Since that day I’ve learnt more about tides around Moreton Bay, and I’ve also been to some terrific seminars at the VMR at Bribie Island that have been informative and made me aware of the many pitfalls you can run into around the water in Moreton Bay.

But what this story is really about was when I also learnt a lot about community, and it was just one local Toorbul man who gave me a new appreciation of mate-ship and how the community look after one another.

That day I made the mistake that many others have which was that I didn’t follow the markers. Nor did I take into account the times that the tides change, and decided to take a short cut across the passage.

Basically I did everything wrong. Just a dumb ass city boy who was way out of his comfort zone!  hahaha

But one thing happened that day that has remained fresh in my mind, and that was a lone man who was out fishing that day and on his way back home, but stopped to come to our aid and try and help us.

He stopped his boat near the channel and walked a long way across the mud to try and help me push the boat back towards the channel. The boat was never going to move, we were stuck.

During this time, I received a return phone call from the emergency services to ask if I was ok, and did I wish to leave the boat. To this my new Toorbul mate yelled to the guy on the phone that we were busy trying to get the boat moving and to “P—s off”. Even the emergency guy on the phone had a good laugh at that.  hahaha

We had no hope of moving the boat until the high tide came in some 6 hours later so we were left stranded in the pitch darkness, but what happened next I will never forget.

This amazing Toorbul man made three trips back and forth from his home to make sure we were ok as the night and darkness set in. He also brought food and insect spray to make sure we were safe and as comfortable as we could be under the circumstances.

This to me said everything I wanted to know about Queenslander’s and Moreton Bay. They support one another in times of trouble and they stand up when things go pear shaped, and believe me, things went pear shaped for us this day.

To me this was my first experience of “Community” since moving to Queensland, and I am the type of person that when someone does something kind for me, I never forget it. And this act of kindness humbled me to my very core, and it still moves me years later. You see, in Sydney it’s dog eat dog, and city life  and large companies are so far removed to this amazing lifestyle you folks enjoy here in Queensland it’s not funny.

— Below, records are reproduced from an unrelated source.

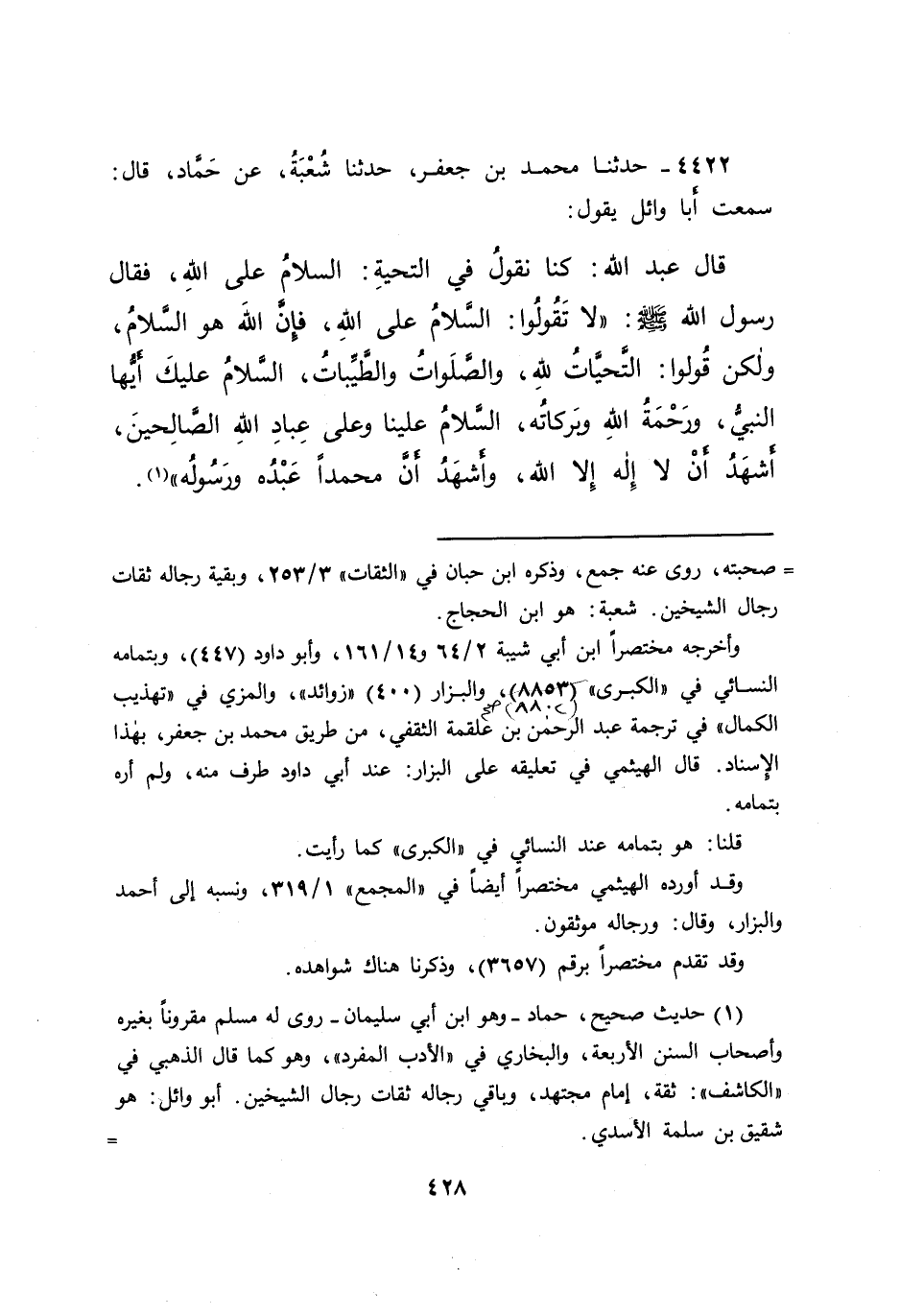٤٤٢٢ - حَدَّثَنَا مُحَمَّدُ بْنُ جَعْفَرٍ، حَدَّثَنَا شُعْبَةُ، عَنْ حَمَّادٍ، قَالَ: سَمِعْتُ أَبَا وَائِلٍ، يَقُولُ: قَالَ عَبْدُ اللهِ: كُنَّا نَقُولُ فِي التَّحِيَّةِ السَّلَامُ عَلَى اللهِ، فَقَالَ رَسُولُ اللهِ صَلَّى اللهُ عَلَيْهِ وَسَلَّمَ: " لَا تَقُولُوا: السَّلَامُ عَلَى اللهِ، فَإِنَّ اللهَ هُوَ السَّلَامُ، وَلَكِنْ قُولُوا: التَّحِيَّاتُ لِلَّهِ، وَالصَّلَوَاتُ وَالطَّيِّبَاتُ، السَّلَامُ عَلَيْكَ أَيُّهَا النَّبِيُّ، وَرَحْمَةُ اللهِ وَبَرَكَاتُهُ، السَّلَامُ عَلَيْنَا وَعَلَى عِبَادِ اللهِ الصَّالِحِينَ، أَشْهَدُ أَنْ لَا إِلَهَ إِلَّا اللهُ، وَأَشْهَدُ أَنَّ مُحَمَّدًا عَبْدُهُ وَرَسُولُهُ " (١)
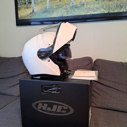 Fin MC hjälm med inbyggd mic och högtalare till mobil. Nypris 4500 Storlek L - XL
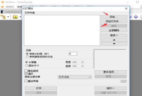 2.接下來(lái),在彈出的界面中,我們來(lái)添加或添加文件夾來(lái)向xnview里面添加一些圖片,看下圖所示中的箭頭指向。
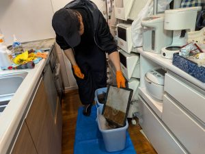 楽しみに待っていたお掃除の日。なんと、なんと、代表の荒井さんもスタッフとして我が家へ(゜0゜)
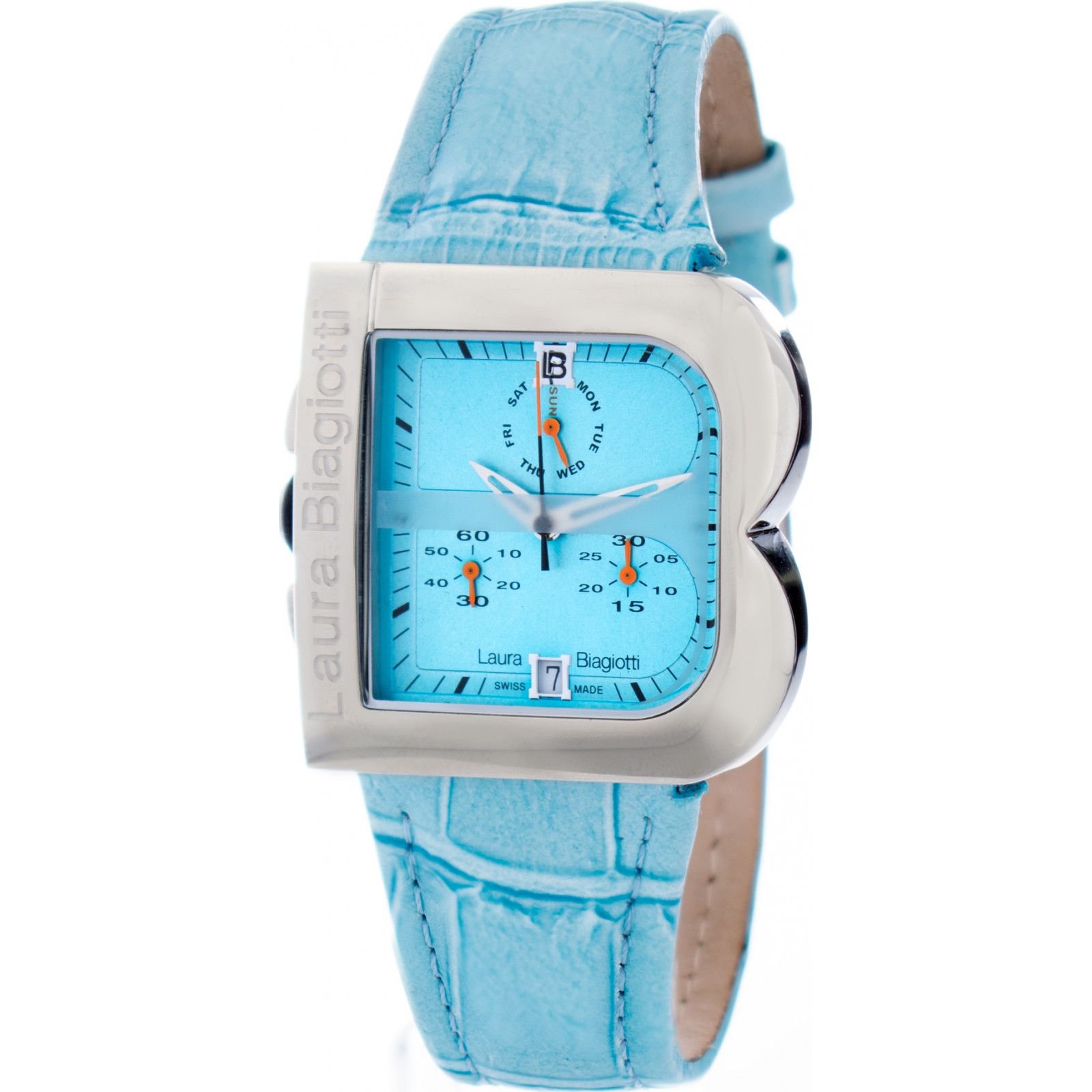 Stylish Laura Biagiotti watch with a blue leather strap and silver-tone case. Features a day-date display and quartz movement for precise timekeeping. Ideal for everyday wear or special occasions.

It’s just two different worlds.

I’ve come to love you Queenslander’s to bits, and I have never been out and about as much as I have since I moved up here. I have truly brought into the lifestyle and Community like you can’t believe and that’s one of the main reason why I’m running for Mayor and whether I win an election or not that love affair with Queensland will continue on until I finally call it a day.

I would love to meet up with this wonderful Toorbul man again, and once again shake his hand for what he did for us that day. It actually all happened so quickly. Stuck in low tides, with night falling into darkness and confusion everywhere. The dogs even had run around in the mud as the sun set and we laughed our heads off. We made the best of a crazy situation, but it’s what Queenslander’s do isn’t it?

Yes, to me this day meant more to me than breaking my retirement and going back to work and running for Mayor, there is no doubt in my mind that being stranded that day has had a huge bearing in my mindset to stand up for the ordinary Mums and Dads and family, and to give a little back for what Queensland has done for me.

Queensland has given me my life and spirit back, from tragedy and loss to feeling a sense of life I have not experienced for such a long time.

I may not be an expert on boating or the great outdoors, but I sure as hell know what to do about changing what’s currently in place with this Council.

We are all about to go on a wonderful  journey of change together and I promise I won’t leave you stranded high and dry in the middle of nowhere if you put your trust in me, those days will soon be a distant memory.